Dalam penyediaan barang publik juga terdapat tiga teori besar yang menjelaskan sumber
pemerintah menentukan jumlah barang publik diproduksi untuk memenuhi kebutuhan
rakyatnya. Teori-teori tersebut adalah sebagai berikut.
1. Teori Pigou: pengadaan barang publik harus dibiayai dari pajak. Tersedianya barang yang
dibutuhkan tentu menimbulkan kepuasan, tetapi pajak pada umumnya tidak disukai
sehingga menimbulkan ketidakpuasan. Pajak akan efisien dalam penyediaan barang publik
ketika kepuasan tersedianya barang itu sama dengan ketidakpuasan atas pembayaran
pajaknya.
2. Teori Bowen dan Samoelson: dasar penetapan jumlah barang publik yang harus
diproduksi didasarkan pada harga barang itu. Meskipun hak mengonsumsi barang publik
individu adalah sama, tingkat kebutuhan tiap-tiap individu berbeda sehingga konsumen
akan membayar pajak sesuai dengan kebutuhan yang diperlukan.
3. Teori Erick Lindhal dan Wicksell: harus ada sebuah badan nasional yang akan menentukan
banyaknya barang publik yang akan disediakan. Penyediaan barang publik didasarkan oleh
banyaknya kebutuhan masyarakat akan barang tersebut. Dengan diketahuinya jumlah
produksi barang, badan ini akan menentukan jumlah pajak yang harus dibayar. Teori ini
menghubungkan antara pajak yang dibayar dan manfaat yang diperoleh.
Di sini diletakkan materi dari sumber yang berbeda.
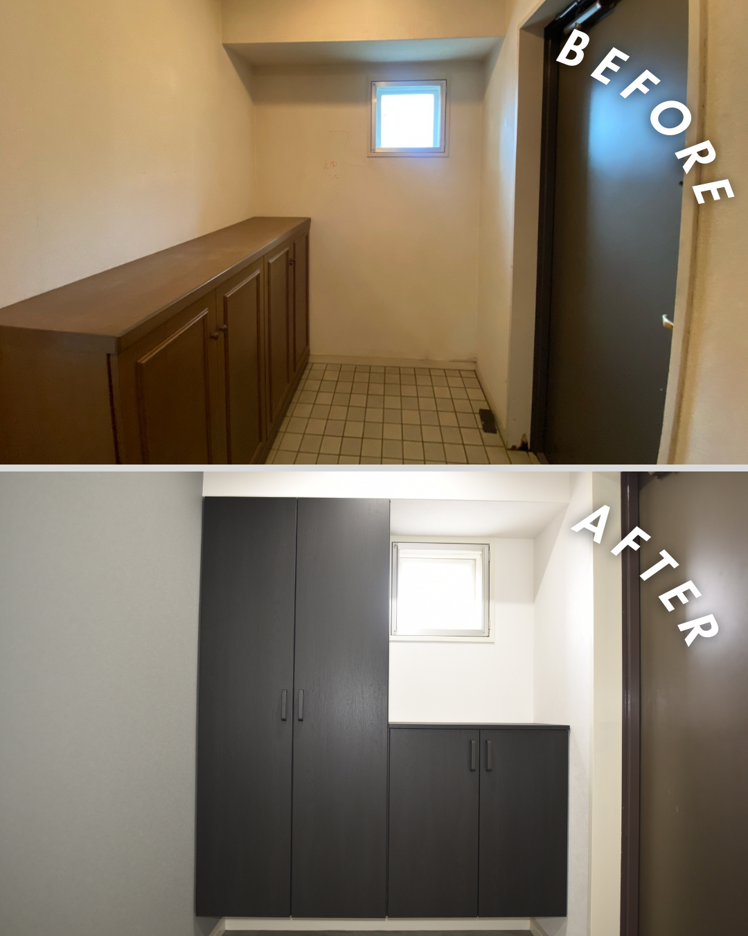 クロスの色や、収納に変化をつけるだけでもまるで違うお部屋に変身しますね。 家全体と統一感のとれた素敵なお仕上がりとなりました。

Barang atau jasa publik biasanya disediakan oleh publik atau pemerintah dengan alasan
bahwa penyediaan barang/jasa publik olh pihak swasta akan menyebabkan under
production (Andreoni, 1995). Sekalipun demikian, dalam kenyataannya, sebagian barang
publik disediakan oleh pemerintah dan sebagian lainnya disediakan oleh swasta sehingga
fenomena ini telah menarik perhatian para ekonom untuk menjelaskan motif penyediaan
barang publik oleh pihak swasta, sekaligus memetakan hubungan antara pemerintah dan
swasta dalam penyediaan barang publik.
Pertimbangan dalam penyediaan barang publik, disediakan oleh publik atau swasta,
berkaitan dengan pertanyaan apakah masyarakat menjadi lebih baik jika barang dan jasa
yang saat ini disediakan oleh publik kemudian disediakan oleh swasta (Rosen, 2010). Dengan
kata lain, faktor kunci yang menentukan suatu barang diproduksi oleh publik atau swasta
adalah yang lebih efisien dalam pasar. Pandangan konvensional menyatakan bahwa
penyediaan barang publik oleh pihak swasta tidak efisien sehingga menjadi legitimasi bagi
pemerintah untuk menyediakan barang publik. Akan tetapi, beberapa studi kontemporer
menunjukkan bahwa swasta dapat menyediakan barang publik secara efisien.
Efisiensi ketersediaan barang publik mensyaratkan bahwa barang publik harus tersedia
sampai pada level ketika jumlah penilaian marginal setiap orang untuk unit terakhir barang
publik sama dengan biaya marginalnya. Jika penyediaan barang publik oleh pihak swasta
memenuhi kondisi tersebut, dapat disimpulkan bahwa penyediaan barang publik oleh pihak
swasta adalah efisien. Pada kenyatannya, penyediaan barang publik, baik oleh pemerintah
maupun swasta memiliki kelebihan dan kekurangan masing-masing. Misalnya, pemerintah
mengalami keterbatasan anggaran sehingga tidak mampu menyediakan barang publik pada
level optimal yang diinginkan oleh masyarakat.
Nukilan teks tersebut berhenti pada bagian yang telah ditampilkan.